Enzyme-Free Immunoassay Using Silver Nanoparticles for Detection of Gliadin at Ultralow Concentrations

MERCADAL, PABLO. A.; FRAIRE, JUAN C.; MOTRICH, RUBEN D.; CORONADO, EDUARDO A.

ACS Omega

ACS Publications

Lugar: Washington; Año: 2018 vol. 3 p. 2340 - 2350

2470-1343

Determination of biomarkers in clinical or food samples is of crucial importance for monitoring, prevention and care of public health. The standard procedure used for that purpose is the enzyme ?linked immunosorbent assay (ELISA), which make use of the specific antibody-antigen bio-recognition and the catalytic effect of the enzymes. One of the main shortcoming of this technique is the use of enzymes that often present low chemical and thermal stability compared to other chemicals. Another drawbacks include non-specific binding process that could lead to false positives, the use of relative large amounts of sample, and the number and time consuming steps involved.Recently an enzyme free and ultrasensitive analytical method for antigen detection denoted as Intensity Depletion Immunolinked Assay (IDILA) has been proposed by our laboratory. The assay is based on the inhibition to form Ag nanospheres dimers linked by a specific antibody in the presence of the corresponding antigen. In this work we go an step further, demonstrating how using silver nanoparticles (Ag NPs) of different diameters (58 and 78 nm) the performance of this method could be improved. The experiments are performed for detecting gliadin, an antigen of upmost importance in the celiac disease and the results are compared with ELISA, the standard technique homologated by the food codex alimentarius.

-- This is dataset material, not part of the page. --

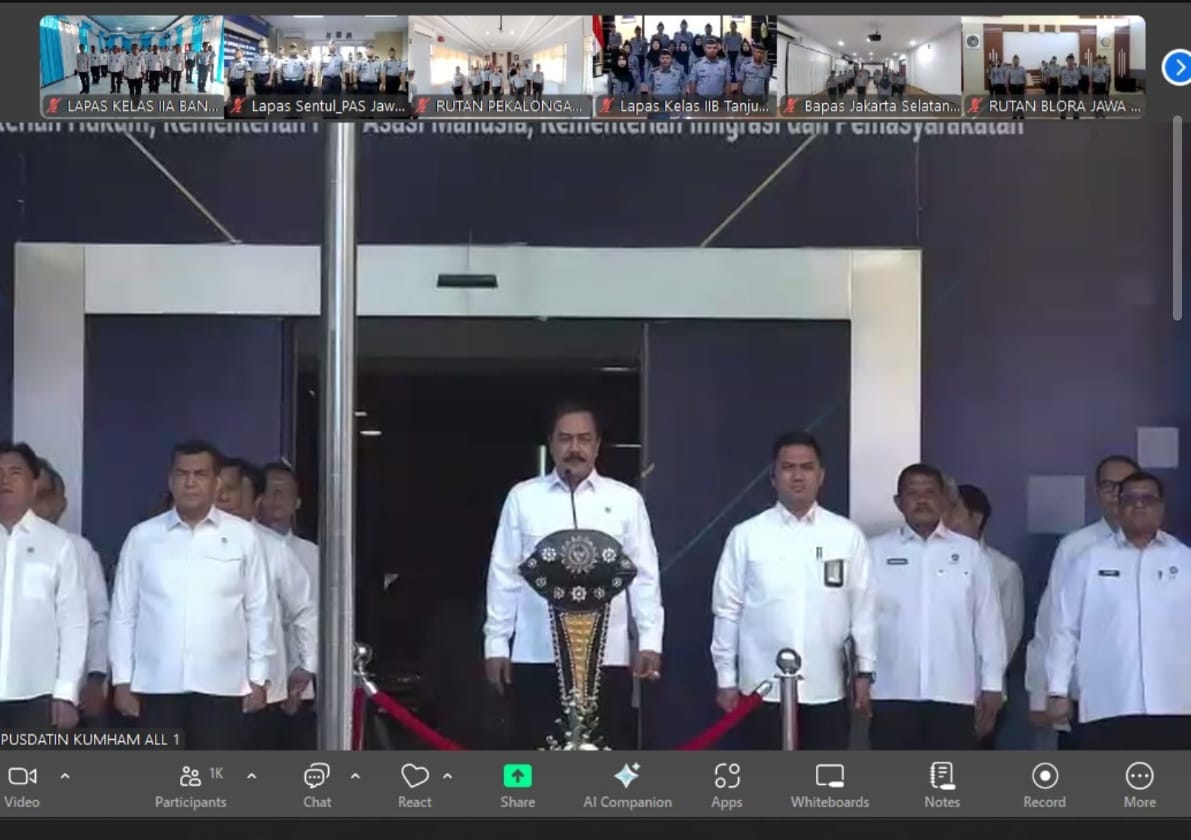 Dalam suasana penuh kebersamaan, jajaran pegawai dari Kementerian Koordinator Bidang Hukum, Hak Asasi Manusia, Imigrasi dan Pemasyarakatan, bersama Kementerian Hukum, Kementerian HAM, dan Kementerian Imigrasi dan Pemasyarakatan mengikuti apel bersama yang dilaksanakan serentak, Senin (16/06). Bertindak selaku Pembina Apel adalah Menteri Imigrasi dan Pemasyarakatan, Agus Andrianto.
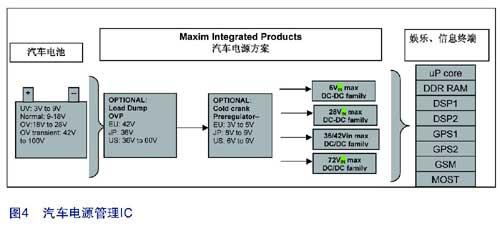 Maxim的汽車電源IC克服了許多電源管理問題,能夠提供獨特的高性能解決方案。電源產(chǎn)品包括過壓保護、微處理器監(jiān)控、開關轉換器和線性穩(wěn)壓器等高 度集成的多功能PMIC (如圖4所示)。電源IC符合汽車級質(zhì)量認證和生產(chǎn)要求,例如:AECQ100認證、DFMEA、不同的溫度等級(包括85℃、105℃、125℃、135℃)、特殊的封裝要求。 |

It is found that the IDILA assay could be around 1000 or 10,000 times more sensitive than ELISA, having also lower limits of detection, depending on the conditions explored (fraction of dimers and Ag NPs diameter). Using the appropriate conditions, the IDILA assay is shown to be able to detect femtomolar concentrations of the antigen, besides of being robust reliable, cheap, rapid (around 2 hours) and of easy implementation using the standard equipment and biomolecular reagents used for the ELISA assay.